(What to do): Give the data again exactly as written, skipping any pictures.

(Record excerpts):
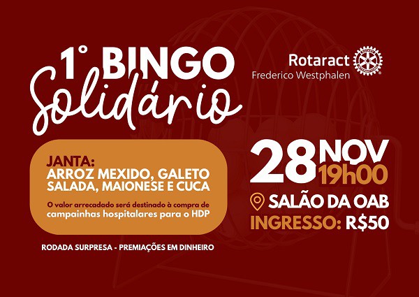 O Rotaract Club de Frederico Westphalen realiza, na sexta-feira, 28 de novembro, às 19 horas, no Salão da OAB, o 1º Bingo Solidário em apoio ao Hospital Divina Providência (HDP). O valor arrecadado será destinado à compra de campainhas hospitalares, item essencial para melhorar a comunicação entre pacientes e equipe assistencial.
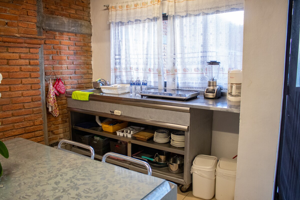 Es un bonito y cómodo apartamento independiente hasta para tres personas, que es parte de una linda casa estilo rústico mexicano con un gran jardín arbolado, cerca del bosque. Son bienvenidas familias, parejas, amigos, o ejecutivos en tránsito. No se aceptan mascotas ya que en casa tenemos un perro y dos gatos. Cerca también encuentra deliciosos restaurantes con diferentes tipos de comida, tiendas de abarrotes, fruterías, farmacia, lavandería, etc.
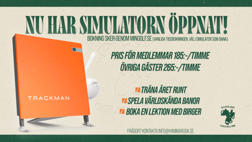 Bokning av speltid i Trackman-simulatorn på Hammarö GK gör du nedan eller via "Min Golf". Man bokar 1 timme i taget, vill man boka ytterligare tid gör man en ny bokning. För att bokningen skall gå igenom måste man betala avgiften annars försvinner bokningen.
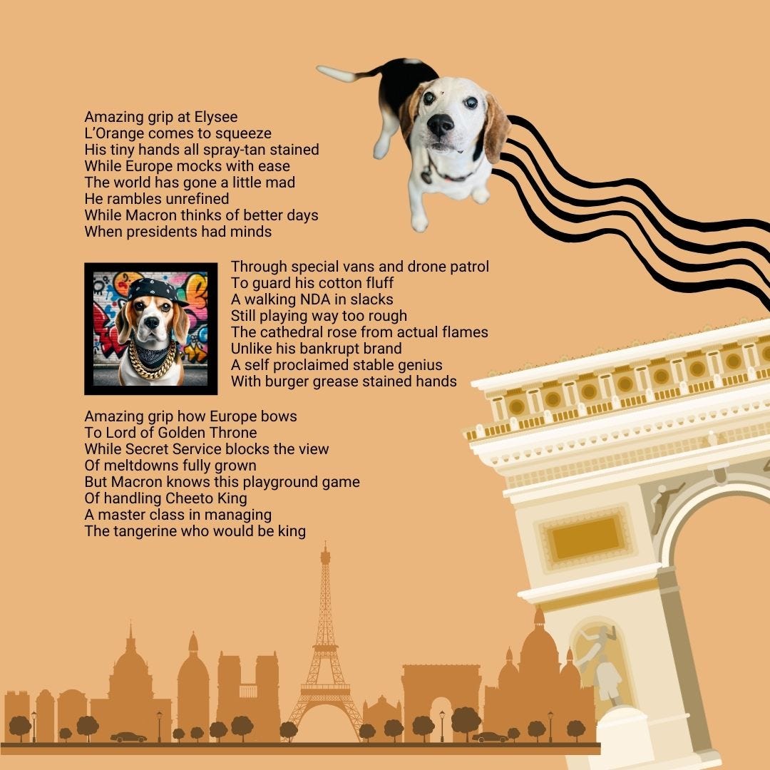 Amazing grip at Elysee L’Orange comes to squeeze His tiny hands all spray-tan stained While Europe mocks with ease The world has gone a little mad He rambles unrefined While Macron thinks of better days When presidents had minds Through special vans and drone patrol To guard his cotton fluff A walking NDA in slacks Still playing way too rough The cathedral rose from actual flames Unlike his bankrupt brand A self proclaimed stable genius With burger grease stained hands Amazing grip how Europe bows To Lord of Golden Throne While Secret Service blocks the view Of meltdowns fully grown But Macron knows this playground game Of handling Cheeto King A master class in managing The tangerine who would be king
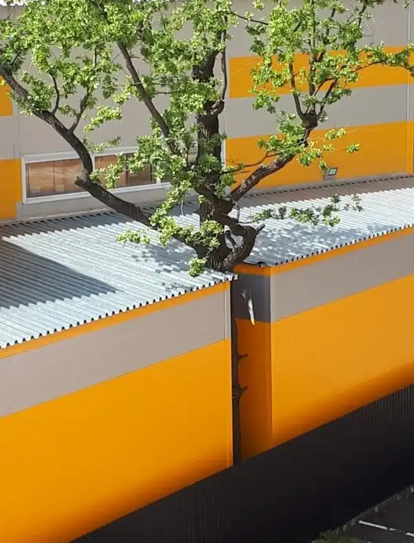 Вместо того чтобы спилить дерево, строители заботливо обогнули его, когда строили стену
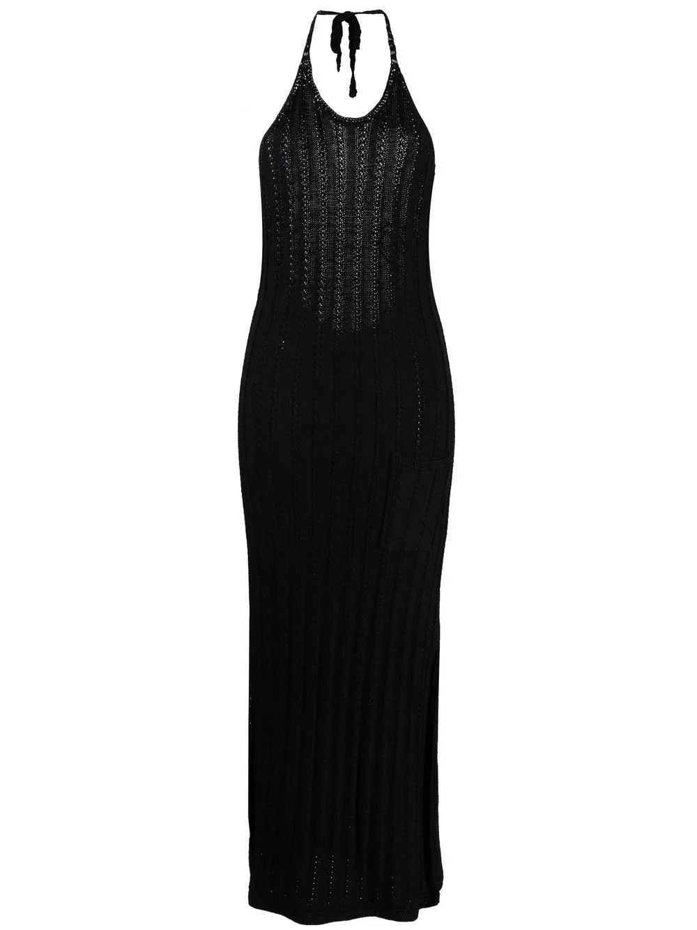 knitted halterneck midi dress Highlights - Knitted halterneck midi dress from ganni featuring black, knitted construction, halterneck tie fastening, high neck, rear tie fastening, low back, two front patch pockets, side slits, mid-length and silver-tone button details. Imported Composition Rayon 65%, Polyamide 35% SIZE & FIT Model measurements Height 5 ft 10 in(1.77 m) Bust/Chest 32.28 in(82 cm) Hips 35.03 in(89 cm) Waist 25.19 in(64 cm) Measurement HIPS 31.49 in(80 cm) LENGTH 51.96 in(132 cm) WAIST 27.55 in(70 cm) FittingInformation This piece fits true to size. We recommend you get your regular size Cut for a slim fit Made with a mid-weight fabric Washing instructions Machine Wash
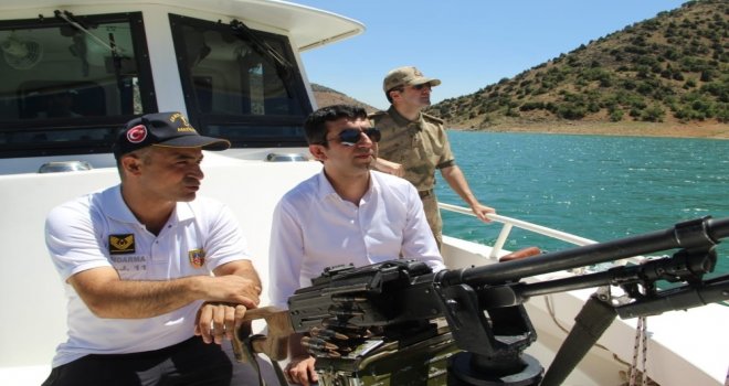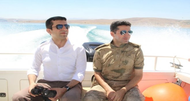 Tuncelinin Çemişgezek ilçesi Kaymakamı Harun Kazez, kıyı güvenliği amacıyla Keban Baraj Gölünde inceleme yaptı.

(Result):
 O Rotaract Club de Frederico Westphalen realiza, na sexta-feira, 28 de novembro, às 19 horas, no Salão da OAB, o 1º Bingo Solidário em apoio ao Hospital Divina Providência (HDP). O valor arrecadado será destinado à compra de campainhas hospitalares, item essencial para melhorar a comunicação entre pacientes e equipe assistencial.
 Es un bonito y cómodo apartamento independiente hasta para tres personas, que es parte de una linda casa estilo rústico mexicano con un gran jardín arbolado, cerca del bosque. Son bienvenidas familias, parejas, amigos, o ejecutivos en tránsito. No se aceptan mascotas ya que en casa tenemos un perro y dos gatos. Cerca también encuentra deliciosos restaurantes con diferentes tipos de comida, tiendas de abarrotes, fruterías, farmacia, lavandería, etc.
 Bokning av speltid i Trackman-simulatorn på Hammarö GK gör du nedan eller via "Min Golf". Man bokar 1 timme i taget, vill man boka ytterligare tid gör man en ny bokning. För att bokningen skall gå igenom måste man betala avgiften annars försvinner bokningen.
 Amazing grip at Elysee L’Orange comes to squeeze His tiny hands all spray-tan stained While Europe mocks with ease The world has gone a little mad He rambles unrefined While Macron thinks of better days When presidents had minds Through special vans and drone patrol To guard his cotton fluff A walking NDA in slacks Still playing way too rough The cathedral rose from actual flames Unlike his bankrupt brand A self proclaimed stable genius With burger grease stained hands Amazing grip how Europe bows To Lord of Golden Throne While Secret Service blocks the view Of meltdowns fully grown But Macron knows this playground game Of handling Cheeto King A master class in managing The tangerine who would be king
 Вместо того чтобы спилить дерево, строители заботливо обогнули его, когда строили стену
 knitted halterneck midi dress Highlights - Knitted halterneck midi dress from ganni featuring black, knitted construction, halterneck tie fastening, high neck, rear tie fastening, low back, two front patch pockets, side slits, mid-length and silver-tone button details. Imported Composition Rayon 65%, Polyamide 35% SIZE & FIT Model measurements Height 5 ft 10 in(1.77 m) Bust/Chest 32.28 in(82 cm) Hips 35.03 in(89 cm) Waist 25.19 in(64 cm) Measurement HIPS 31.49 in(80 cm) LENGTH 51.96 in(132 cm) WAIST 27.55 in(70 cm) FittingInformation This piece fits true to size. We recommend you get your regular size Cut for a slim fit Made with a mid-weight fabric Washing instructions Machine Wash
 Tuncelinin Çemişgezek ilçesi Kaymakamı Harun Kazez, kıyı güvenliği amacıyla Keban Baraj Gölünde inceleme yaptı.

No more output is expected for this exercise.